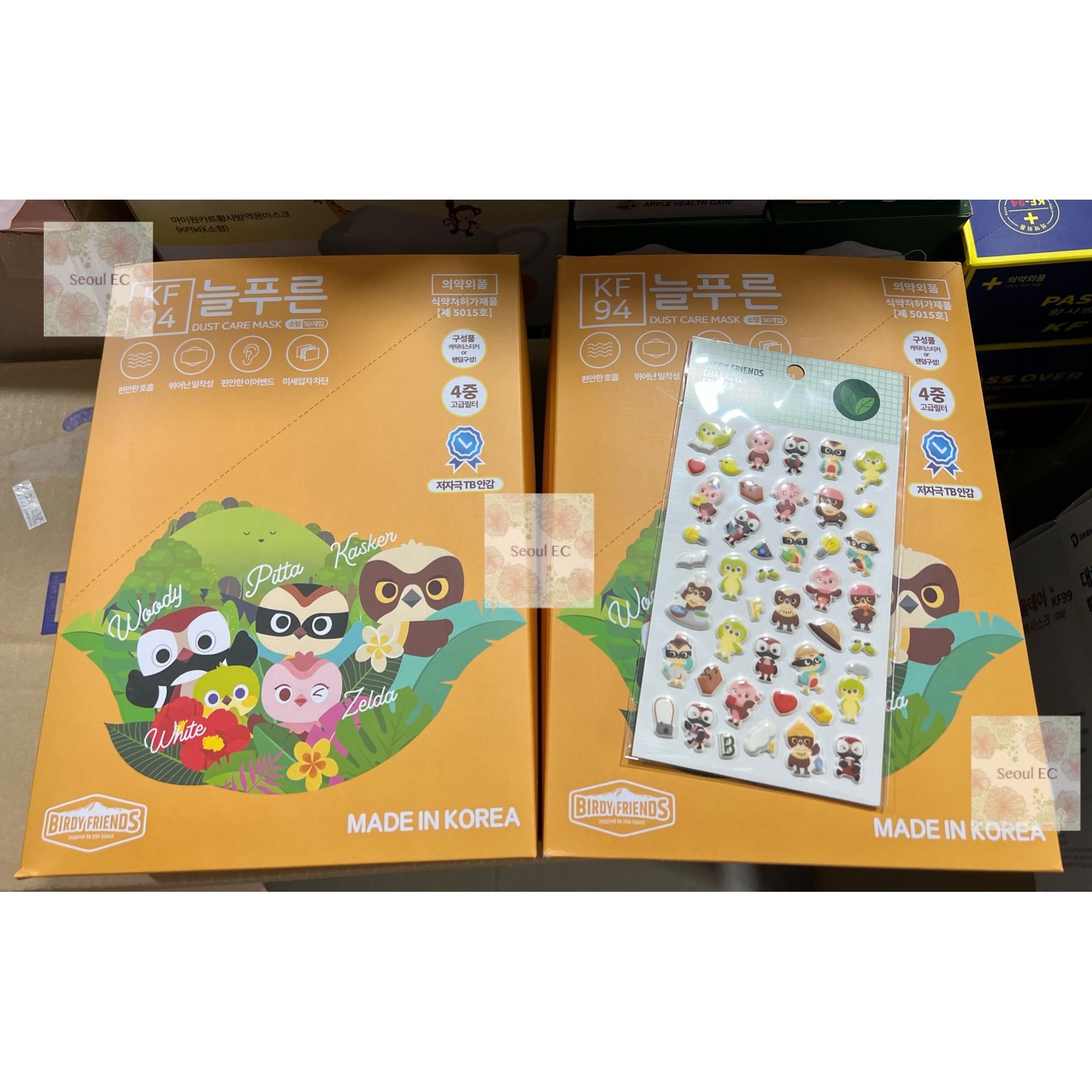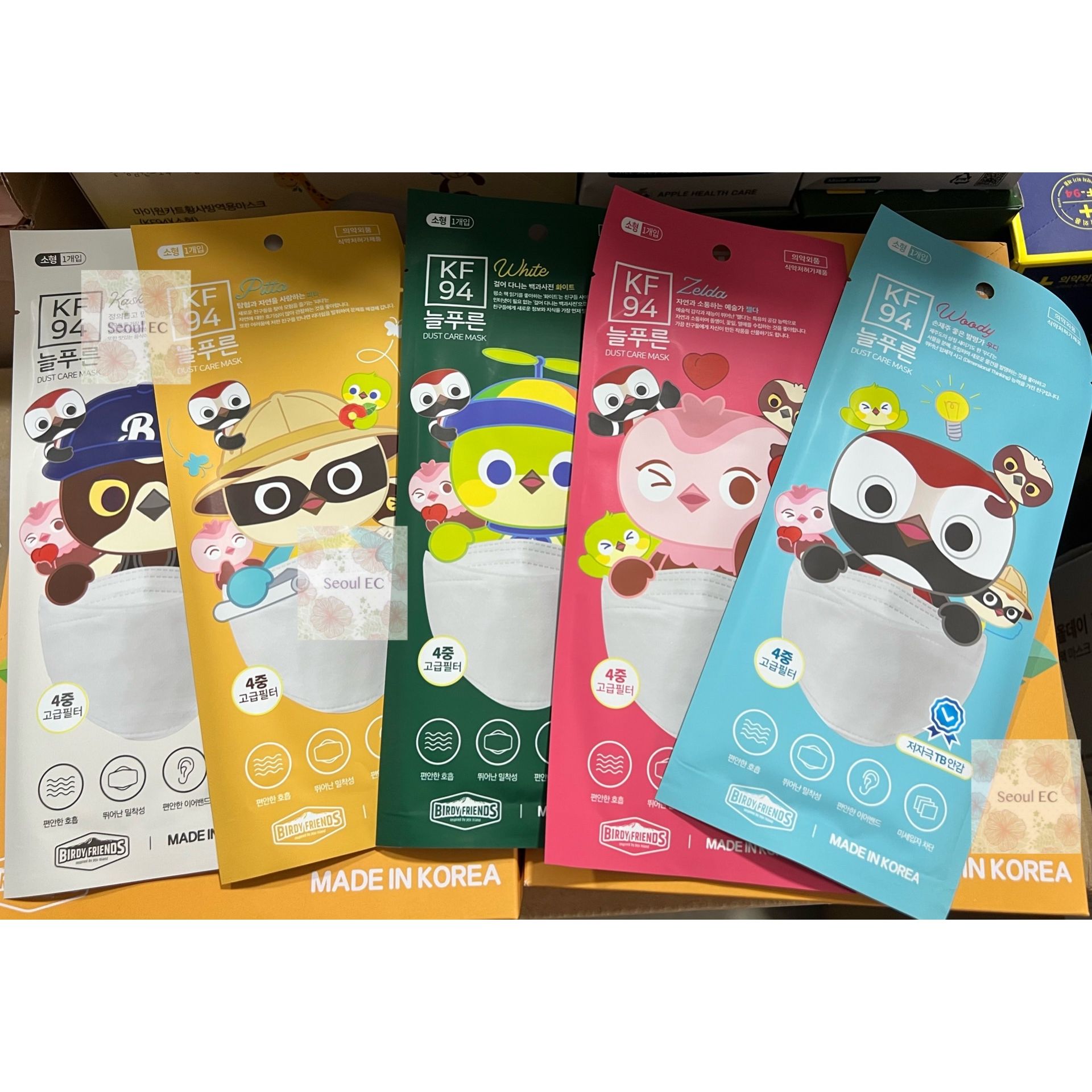 *為開學做準備* 🇰🇷韓國製造 Dust Care四層KF94兒童口罩 50個 1盒50個,獨立包裝🤓🤓 *韓國Birdy Friends聯名,隨機5款包裝圖案,非常可愛~🤩🤩每盒附貼紙一張* 獨立包裝立體舒適😉 四層防護 長時間戴也舒適有鼻支架固定👃 具韓國安全認證阻隔病毒細菌😷 ✅有效濾除空氣中達94%的0.4㎛ 微細懸浮粒子 ✅阻隔飛沫、病毒、細菌傳播感染阻擋細小灰塵及微細懸浮物質 ✅保護呼吸系統免受污染物及傳染物質侵害 ✅立體鎖緊口罩,不會令眼鏡易起霧氣 ✅舒適環繞下巴設計,擴大呼吸空間,大大提升透氣度 ✅高防護力,透氣又舒服 KF94口罩是韓國生產制定的標準,根據韓國食品藥品管理局(MFDS)官網的數據,該標準下的口罩對於直徑0.4μm的顆粒物過濾率大於94% 換言之,KF94標準的口罩能夠過濾掉最少94%的直徑等於0.4μm的顆粒物 因此KF94口罩與KN95、N95等口罩類似,都是在一個防護等級下的口罩品類,可過濾一般傳染性病毒🏻🏻 :: 每盒50個,獨立包裝 :: 兒童款 - 白色 :: size約 180mm*65mm :: 韓國製造
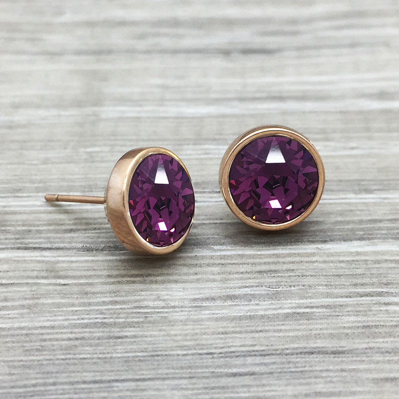 Description - Luxe Swarovski stud earring- Stainless steel- Hypoallergenic- 11mm approx. Additional Details SKU: R-3E64-RG-AMY
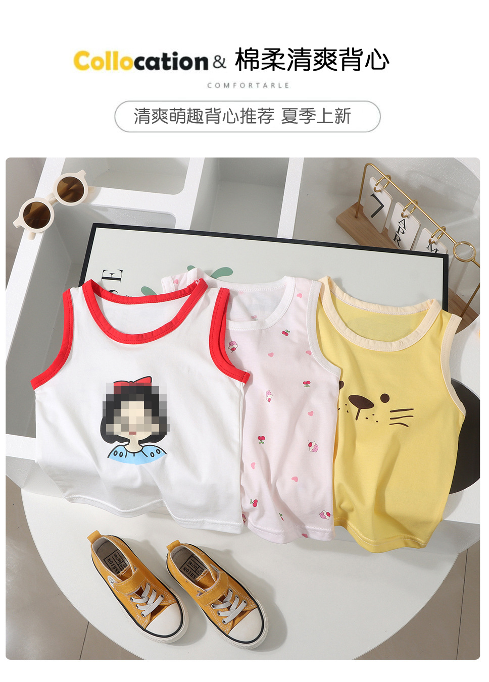 여름 어린이 순면 아기 조끼 슬링 소녀 얇은 민소매 탑 어린이 아기 배꼽 보호 옷베이스
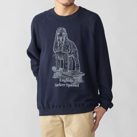 ドッグプリントが目を惹くデザインで1枚着でも、アウターからプリントを覗かせてもコーディネートが映える1枚です。
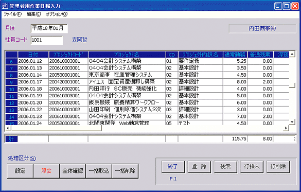| 休日勤務時間 | Holiday Overtime Hours | Kyūjitsu kinmu jikan | 0:00 |
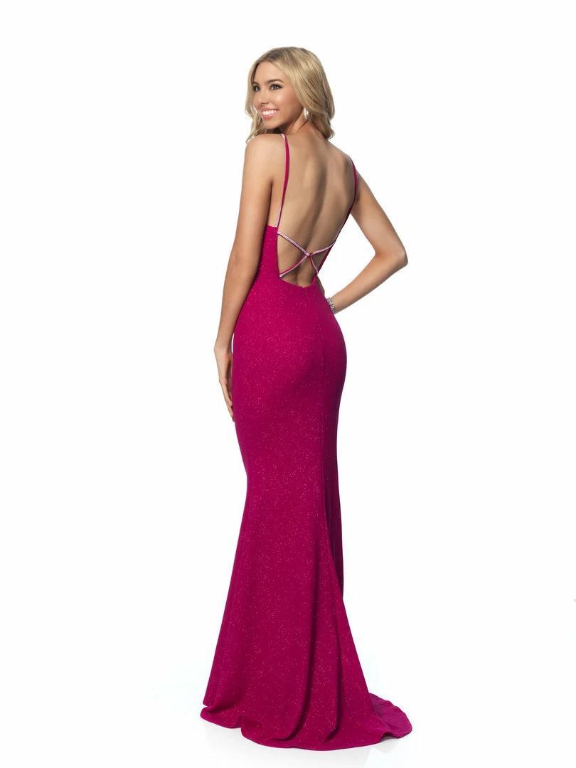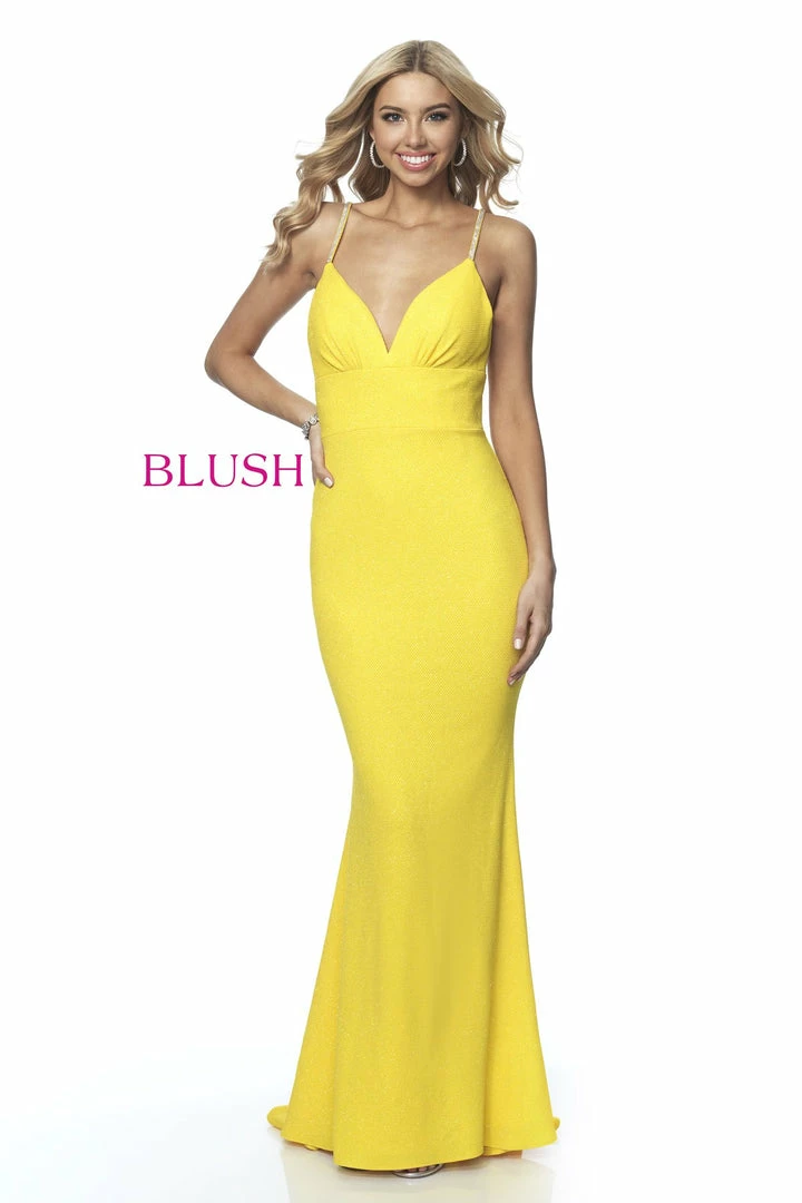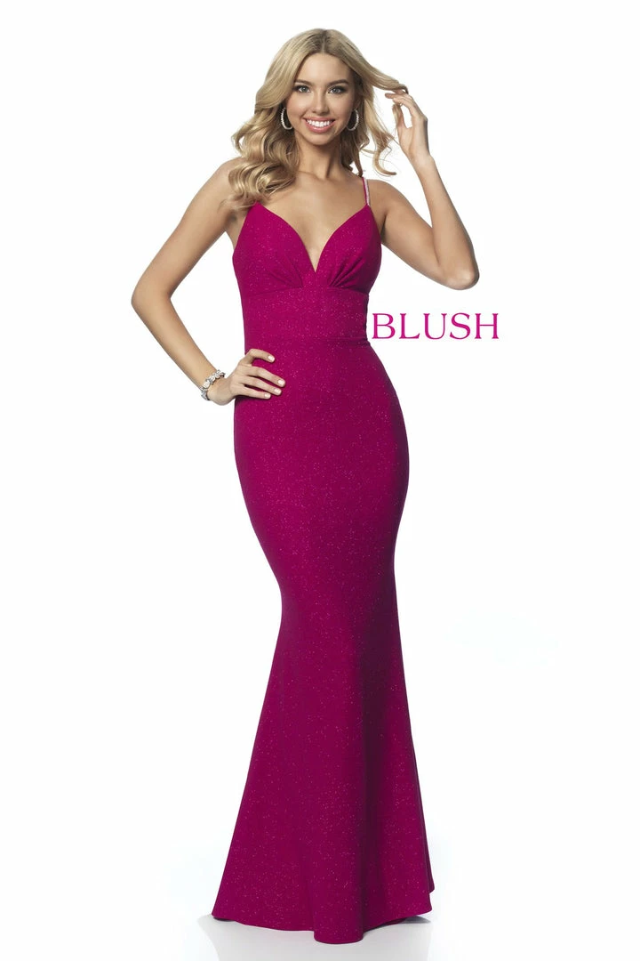 Blush Prom 11891Â Diamond cut glitter knit fabric in a fit flare silhouette that features a plunging sweetheart neckline, beaded spaghetti straps, and a daring open back. Back zipper closure. Great for prom & any formal event

● ● ● ●

PROBLEM TO WORK ON:
Each line above gets copied exactly; leave the pictures out.

EXERCISE OUTPUT:
 *為開學做準備* 🇰🇷韓國製造 Dust Care四層KF94兒童口罩 50個 1盒50個,獨立包裝🤓🤓 *韓國Birdy Friends聯名,隨機5款包裝圖案,非常可愛~🤩🤩每盒附貼紙一張* 獨立包裝立體舒適😉 四層防護 長時間戴也舒適有鼻支架固定👃 具韓國安全認證阻隔病毒細菌😷 ✅有效濾除空氣中達94%的0.4㎛ 微細懸浮粒子 ✅阻隔飛沫、病毒、細菌傳播感染阻擋細小灰塵及微細懸浮物質 ✅保護呼吸系統免受污染物及傳染物質侵害 ✅立體鎖緊口罩,不會令眼鏡易起霧氣 ✅舒適環繞下巴設計,擴大呼吸空間,大大提升透氣度 ✅高防護力,透氣又舒服 KF94口罩是韓國生產制定的標準,根據韓國食品藥品管理局(MFDS)官網的數據,該標準下的口罩對於直徑0.4μm的顆粒物過濾率大於94% 換言之,KF94標準的口罩能夠過濾掉最少94%的直徑等於0.4μm的顆粒物 因此KF94口罩與KN95、N95等口罩類似,都是在一個防護等級下的口罩品類,可過濾一般傳染性病毒🏻🏻 :: 每盒50個,獨立包裝 :: 兒童款 - 白色 :: size約 180mm*65mm :: 韓國製造
 Description - Luxe Swarovski stud earring- Stainless steel- Hypoallergenic- 11mm approx. Additional Details SKU: R-3E64-RG-AMY
 여름 어린이 순면 아기 조끼 슬링 소녀 얇은 민소매 탑 어린이 아기 배꼽 보호 옷베이스
 ドッグプリントが目を惹くデザインで1枚着でも、アウターからプリントを覗かせてもコーディネートが映える1枚です。
| 休日勤務時間 | Holiday Overtime Hours | Kyūjitsu kinmu jikan | 0:00 |
 Blush Prom 11891Â Diamond cut glitter knit fabric in a fit flare silhouette that features a plunging sweetheart neckline, beaded spaghetti straps, and a daring open back. Back zipper closure. Great for prom & any formal event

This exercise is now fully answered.